Senin, 06 September 2010

andai q bisa sepertimu

Kamu memang perempuan yang sempurna. Cantik, anggun, pintar, keibuan, populer, kaya, dan mapan. Kamu juga pintar merawat keluarga. Sungguh, kamu benar-benar perempuan sempurna. Semua kelebihanmu itu membuat aku merasa amat cemburu dan tak berharga di hadapanmu. Andai aku bisa sepertimu?

Akhir-akhir ini aku memang sering mengamatimu, diam-diam dan dari kejauhan. Aku ingin tahu, apa kiatmu sehingga Mas Han tunduk padamu. Sangat mencintaimu dan tak mampu meninggalkanmu. Aku ingin belajar darimu, bagaimana merawat Mas Han dan anak-anaknya. Karena suatu saat nanti, jika aku berhasil menggantikan posisimu, aku akan berlaku seperti kamu!

Sudah hampir dua tahun ini aku menjalin hubungan gelap dengan mas Han. Perkenalanku dengan laki-laki itu berawal di sebuah klub malam. Mas Han duduk sendirian di meja sudut. Kulihat wajahnya tampak muram dan tak bersemangat. Aku lalu menghampirinya. Dia tak menampik kehadiranku. Kami ngobrol. Lama. Tentang apa saja. Selanjutnya kami menjadi akrab. Kami menemukan chemistry!
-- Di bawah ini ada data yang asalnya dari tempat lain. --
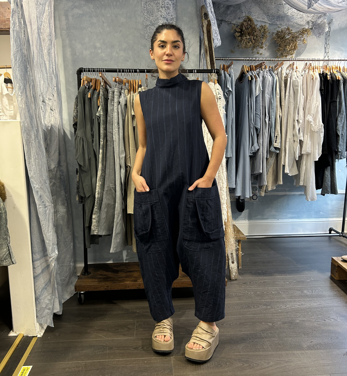 OUTFIT 2 - YAS STYLES THE MAINLOVER OVERALL IN THE NAVY STRIPE, FOR AN EFFORTLESS EVERYDAY LOOK.

Malam-malam berikutnya, aku jadi sering bertemu dengan Mas Han. Kami hanya minum-minum dan ngobrol. Aku merelakan diriku menjadi keranjang sampah. Mas Han butuh tempat untuk mencurahkan isi hati. Dia amat kesepian. Tak ada teman bicara. Dia memang sudah beristri, tapi istrinya terlalu sibuk di kantor. Anak-anaknya juga masih kecil.
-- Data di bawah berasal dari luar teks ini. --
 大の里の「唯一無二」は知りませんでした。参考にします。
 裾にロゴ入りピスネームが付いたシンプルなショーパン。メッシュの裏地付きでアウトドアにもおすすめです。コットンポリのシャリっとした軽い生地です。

Untuk melarikan kepenatan dia lalu pergi ke klub malam. Mencari hiburan, sekaligus teman. Mas Han punya banyak masalah di kantor. Sering ditekan atasan, tugas menumpuk, hasil kerja tidak sesuai target, ditambah intrik dan persaingan tidak sehat diantara sesama rekan kerja. Mas Han tidak punya teman yang bisa dipercaya. Mau bicara pada istri, khawatir nanti malah menambah beban. Lia, istrinya, sudah cukup repot mengurus rumah tangga dan pekerjaannya sendiri.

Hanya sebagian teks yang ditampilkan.